### What you will do
Take each line of the records below that contains the string "Nile" and copy it.

Records drawn from a dataset:
::::
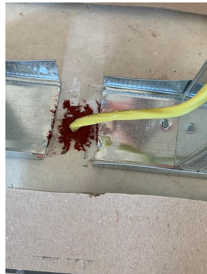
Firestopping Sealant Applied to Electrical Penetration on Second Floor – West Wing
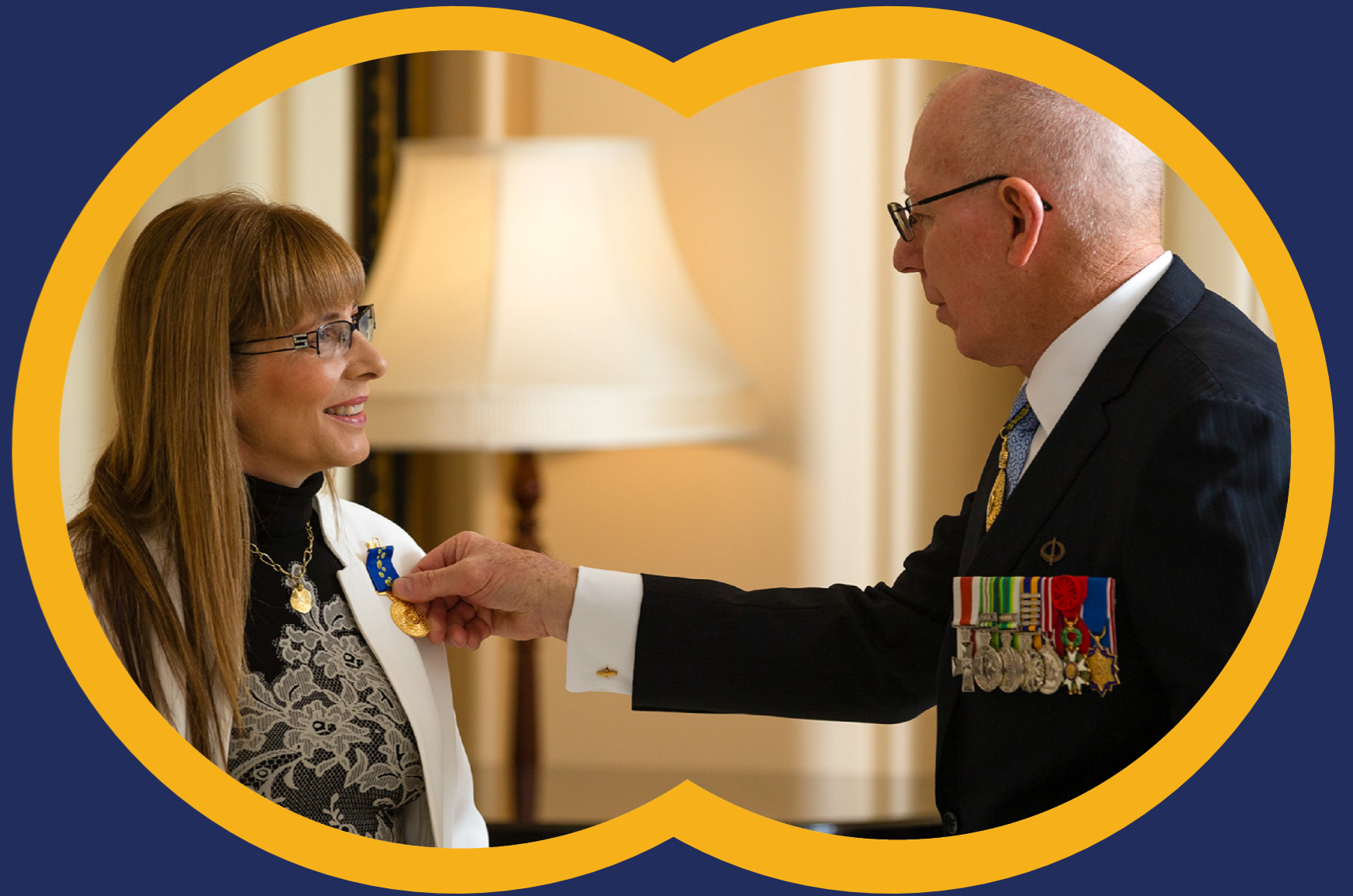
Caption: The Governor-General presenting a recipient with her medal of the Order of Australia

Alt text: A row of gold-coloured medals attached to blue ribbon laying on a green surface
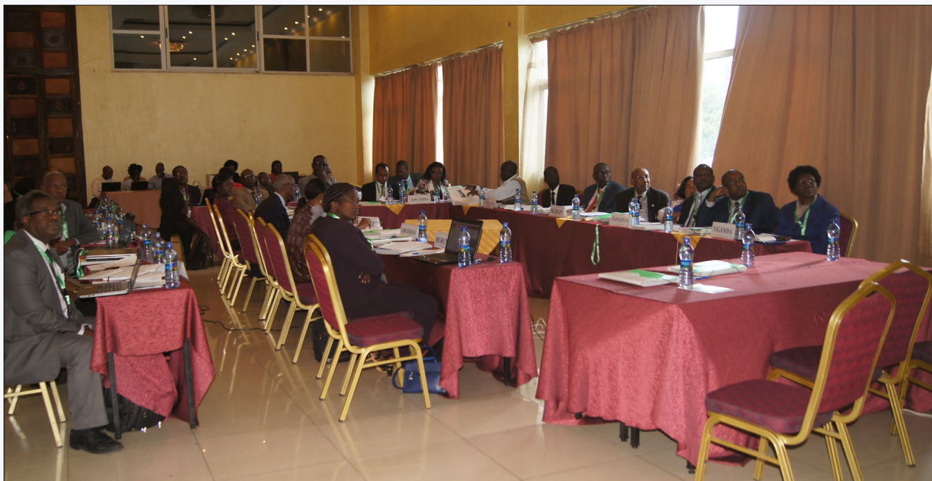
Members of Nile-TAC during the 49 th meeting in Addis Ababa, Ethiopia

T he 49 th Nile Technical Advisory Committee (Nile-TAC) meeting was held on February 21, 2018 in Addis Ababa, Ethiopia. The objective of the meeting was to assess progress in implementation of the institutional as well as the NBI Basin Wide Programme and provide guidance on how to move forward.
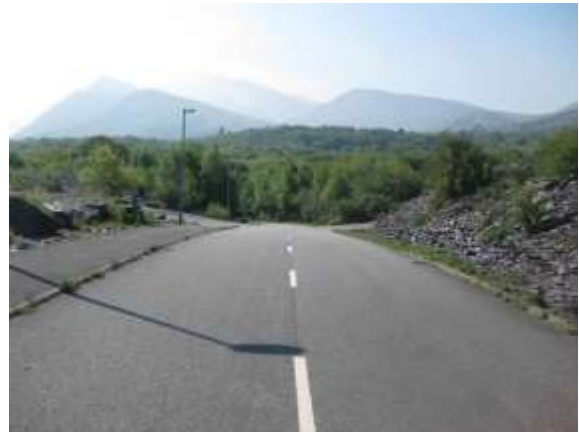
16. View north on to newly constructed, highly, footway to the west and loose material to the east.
::::
### Response area
Members of Nile-TAC during the 49 th meeting in Addis Ababa, Ethiopia
T he 49 th Nile Technical Advisory Committee (Nile-TAC) meeting was held on February 21, 2018 in Addis Ababa, Ethiopia. The objective of the meeting was to assess progress in implementation of the institutional as well as the NBI Basin Wide Programme and provide guidance on how to move forward.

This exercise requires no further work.